He mounts his router using two steel shafts through the router's base, which are clamped in place by a block of wood on one side, and the router lifting mechanism on the other side.

The block that pushes against the router has four machine screws sticking out of it, which push against the screws in the router's casing. This makes for a much better reference than the router's plastic housing.


A nice fence finishes up the router table. Behind the router bit is a hinged flap with a hole in it for connecting a vaccum to take away the wood chips.

A home made miter gauge finishes it off. The miter gauge just runs in a slot in the wood. I have since built my own router lift and router table

Circular saw mount Uli doesn't have a table saw at this point, so he has another cavity at the bottom of this piece of plywood for mounting his Festool rail saw. Proponents of rail saws say they can be used for many jobs one would normally use a table saw for. But why not use the saw as a table saw itself? Festool also offers a table that the saw can be mounted under to use it as a table saw, but like anything from Festool, it's costly. So Uli built his own, using the same piece of plywood that he mounts the router under.

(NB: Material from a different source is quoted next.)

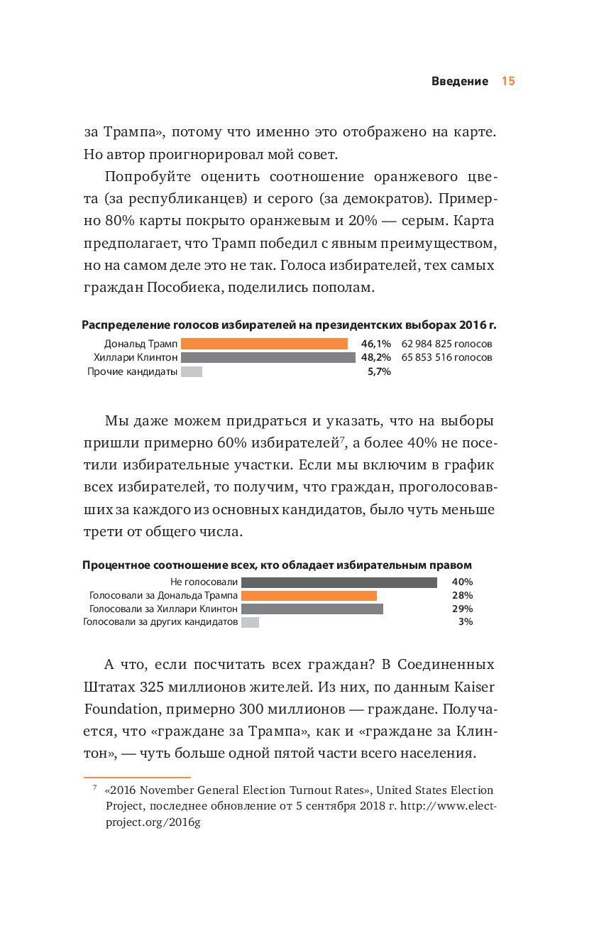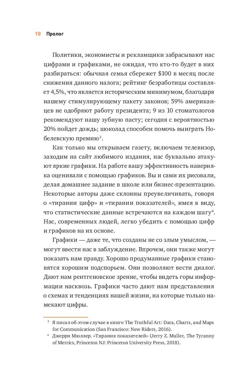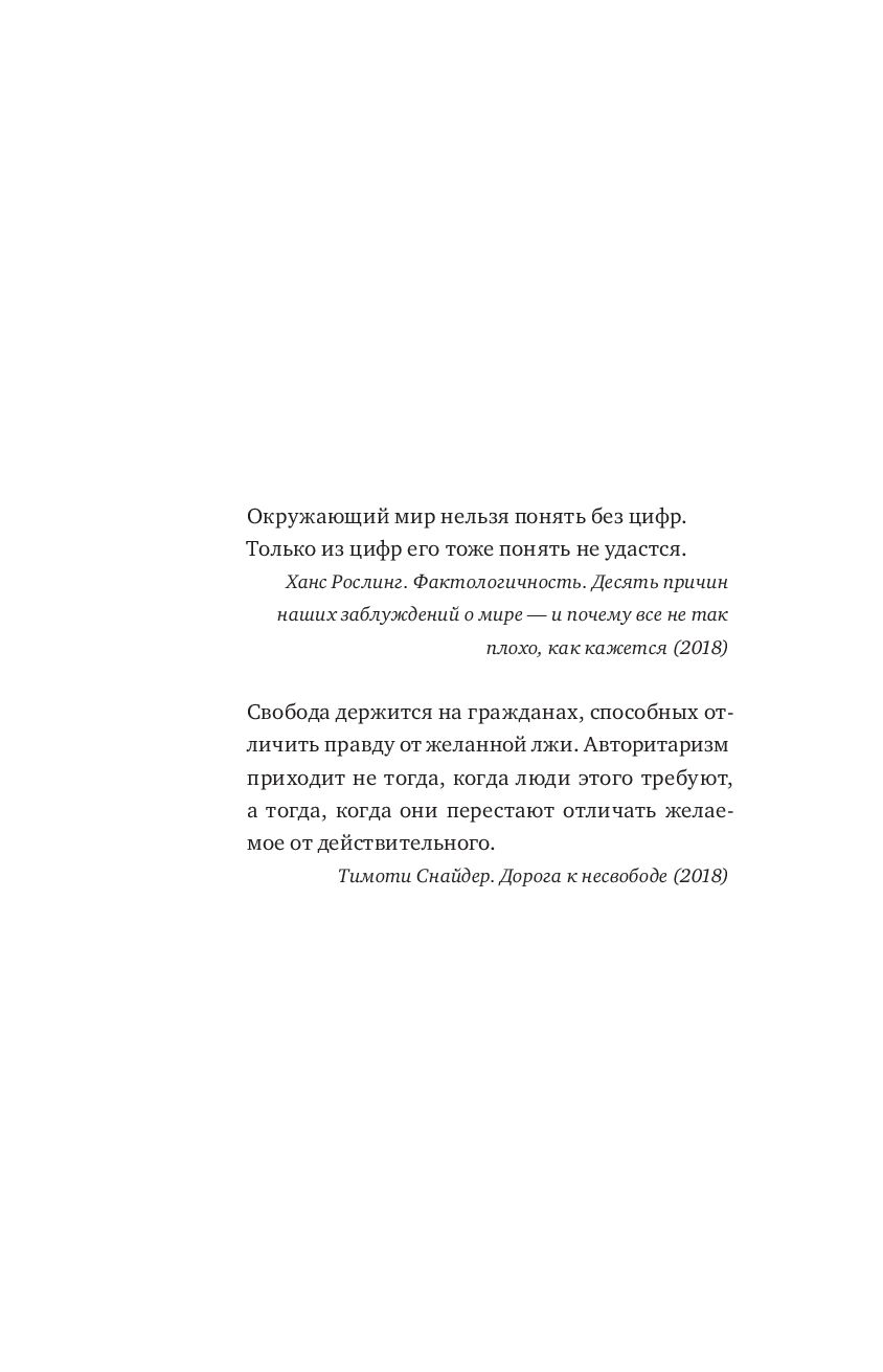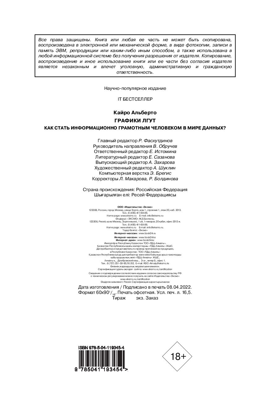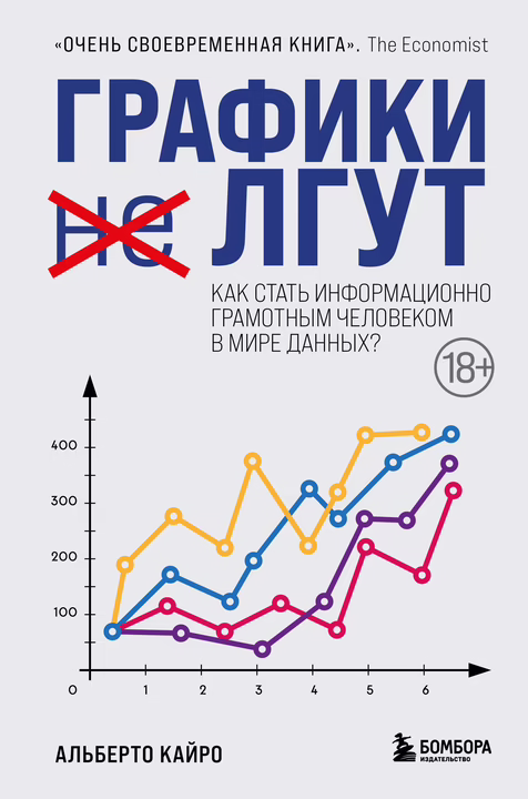 Мы живем в век визуальной информации и больших данных. Любой аналитический материал, будь то статья, исследование, телепередача или статистическая сводка, сегодня просто обязан содержать инфографику в виде диаграмм, графиков или схем – это помогает быстрее усвоить информацию и сделать ее нагляднее. Альберто Кайро, ведущий мировой эксперт по визуальной коммуникации, консультирующий такие компании как Apple и Google, в своей книге предостерегает нас от чрезмерного доверия графикам. Зачастую, намеренно или случайно, говорит автор, инфографика вводит нас в заблуждение. Каким образом? Кайро выделил десятки причин, почему графики лгут, – зная их, вы больше никогда не попадетесь на удочку некорректной инфографики и сможете составить верное мнение о любых данных, от статистики заболеваемости COVID и рейтингов кинопроката до корпоративных отчетов.

The saw is held in place by several blocks of wood, which are carved out to fit exactly around the circular saw.

Typically when mounting a circular saw under a table to use as a table saw, making adjustments to the saw is so awkward that it's more convenient to just flip the whole thing over to do the adjustments. The Festool table for use with the rail saw comes with an accessory part for easily setting the height of the cut and locking it in place when the saw is on the bottom of the table. It's the part with the scale on it in this photo. Uli bought just the parts needed for that as "spare parts" for the Festool table. The equivalent part to this would have been very difficult to make out of wood, and to buy the whole table would have been much more expensive.

Sawhorses The whole assembly needs to rest on something, of course, and Uli has come up with some very sturdy knock-down sawhorses.


The saw horses lock together with pegs that are slid from the top section into the legs, so that the whole sawhorse can be picked up without coming apart.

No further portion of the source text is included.